After the initial spec, Microsoft starting tearing it apart and W3Cizing it, which seemed an endless process, because W3C kept changing its mind about how XML works. Luckily we split off from Microsoft, and published a spec for XML-RPC, and asked for support publicly from the open source community and were not disappointed. We did the first implementation in our content system, Frontier. Fredrik Lundh did the Python version, then Ken MacLeod did one for Perl, and then we got Java, PHP,Tcl, JavaScript, etc. Now we have virtually every programming environment supported, every OS that's in current wide use.

Last summer it seemed that Microsoft was finally ready to go with SOAP, which is what their version of XML-RPC became. I felt it was very important to get a big well-known technology company publicly on board so I endorsed it. To me it makes no difference what the underlying transport is, as long as it's reasonably efficient, I'm only interested in applications. As I said earlier, to be weblike, users must have choice, and to have choice we must have a standard.

Yesterday the W3C had a BOF meeting. They're interested in working in this area. And amazingly, Microsoft seems ready to let them take apart SOAP, which appears to me to be a formula for another two-year-wait for the two-way-web. To me there's a sense of urgency, the Web needs integrated tools as the Mac needed them in the 1980s. A long W3C process, I think, means a fractured market. I had a long talk with one of the W3C guys yesterday and here's what I suggested, but I didn't get a positive response.
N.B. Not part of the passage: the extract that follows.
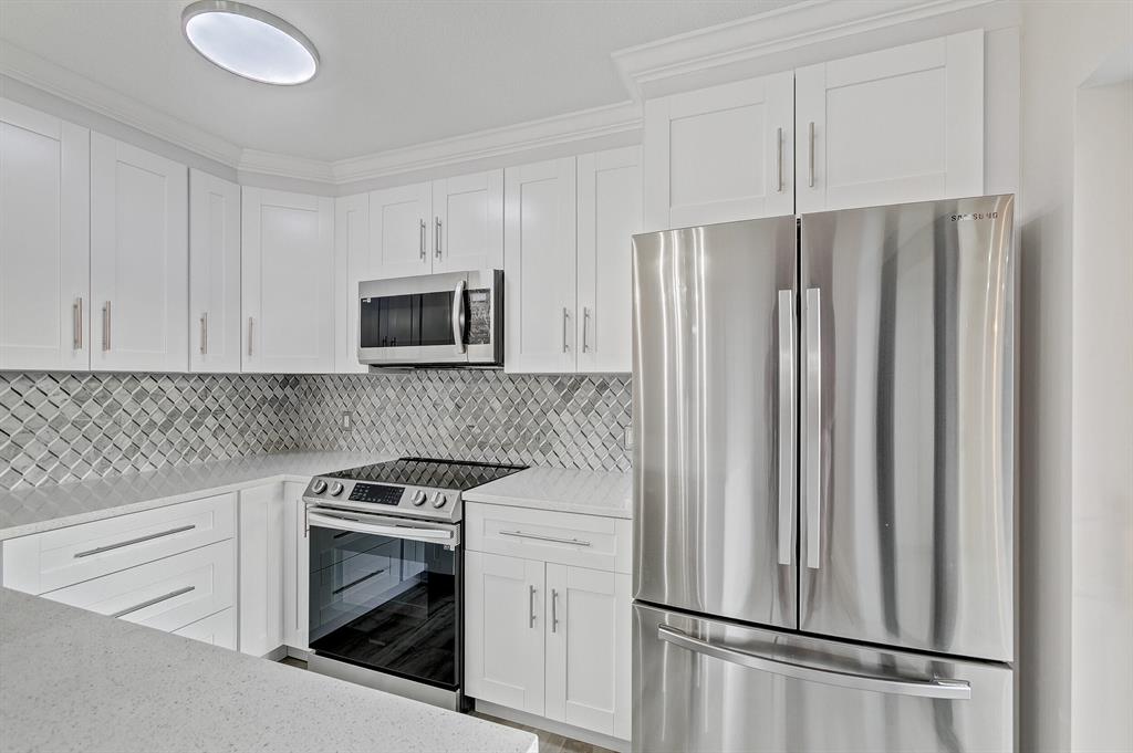 Enjoy South Florida living from this STUNNING WATERFRONT townhome renovated to perfection! Privately tucked away overlooking expansive lake views, this beautifully appointed townhouse has 2 bedrooms, 2.5 baths, over 1,200 SF of living area with new interior paint, textured ceilings (no popcorn), and luxurious vinyl plank flooring. Open and spacious floor plan, perfectly equipped with gourmet kitchen complimented by custom crown molding and soft-close cabinets, sparkling Quartz counter tops, stainless steel appliances, designer backsplash, extended breakfast bar accented by stone tile decorative wall, new faucet, sink, and LED lighting. 1st floor offers spacious living room and dining area, renovated laundry/powder room with new washer and dryer, new vanity, sink, mirrors, and lighting!

W3C should adopt XML-RPC Permalink to W3C should adopt XML-RPC

It's low-tech, clean, easy to understand, a four-screen spec, widely deployed, transparent, efficient, and most important, it's frozen, not subject to debate. Take it as a whole, without changes.
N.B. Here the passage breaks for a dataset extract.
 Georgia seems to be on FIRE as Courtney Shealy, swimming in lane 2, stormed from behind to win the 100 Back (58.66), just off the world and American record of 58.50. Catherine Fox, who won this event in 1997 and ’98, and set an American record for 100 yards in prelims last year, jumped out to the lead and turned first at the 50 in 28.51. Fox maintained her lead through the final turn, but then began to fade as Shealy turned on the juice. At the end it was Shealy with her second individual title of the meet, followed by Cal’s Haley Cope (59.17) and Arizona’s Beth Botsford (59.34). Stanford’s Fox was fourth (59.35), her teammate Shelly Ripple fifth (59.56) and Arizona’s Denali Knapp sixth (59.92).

This gives us something solid to recommend to our competitors and partners. The Two-Way-Web vision can be realized this year. (It will be anyway.) Macromedia, Adobe, Microsoft, Sun and IBM can issue press releases with quotes from TBL saying this is how I wanted the Web to be when I first invented it.

In the meantime, start the process for XML-RPC 2.0, which is backward compatible with 1.0. Make it work with namespaces and schemas. Make it totally orthogonal and context-free. Make it work over any wire protocol you can think of. Provide hooks for firewall people. However, I believe the adoption rate of such a spec, once finished, will be slow. In the meantime XML-RPC can define a market, as HTTP and HTML did. In other words, adopt the old maxim, let the market decide.

It worked! Permalink to It worked!

One other thing going for XML-RPC -- it works. You can build an integrated writing and design tool with a Web content system using XML-RPC. I know because we've done it. That;'s how I'm writing this piece. Not in a web browser, but in a professional editor that's designed for writers and thinkers. Not a geeky thing in sight. A File menu a Web writer would die for. It's easy!

Dave Winer Permalink to Dave Winer

PS: TBL is Tim Berners-Lee, the inventor of the Web, and the director of W3C. I've never met him, but I've read his book, and think we're barking up the same tree, with different approaches. I think I'm doing it as he would have in the early 90s when he was working on HTTP and HTML. I think he got sucked into the Big Company mess. Why didn't all these companies invent the Web? Is W3C really a solution to any problem the market has?? I would like to buy him dinner sometime and talk about this stuff.

PPS: W3C is The Worldwide Web Consortium, http://w3.org/.

PPPS: BOF stands for Birds Of a Feather.

PPPPS: If you want to understand how revolutionary the Two-Way-Web will be, read my piece from Davos this year, How to Make Money on the Internet. It's about a lot more than money, of course, but that's what everyone wants to know about. ;->

Note: As of Jan 2001, there's a whole site devoted to the Two-Way-Web.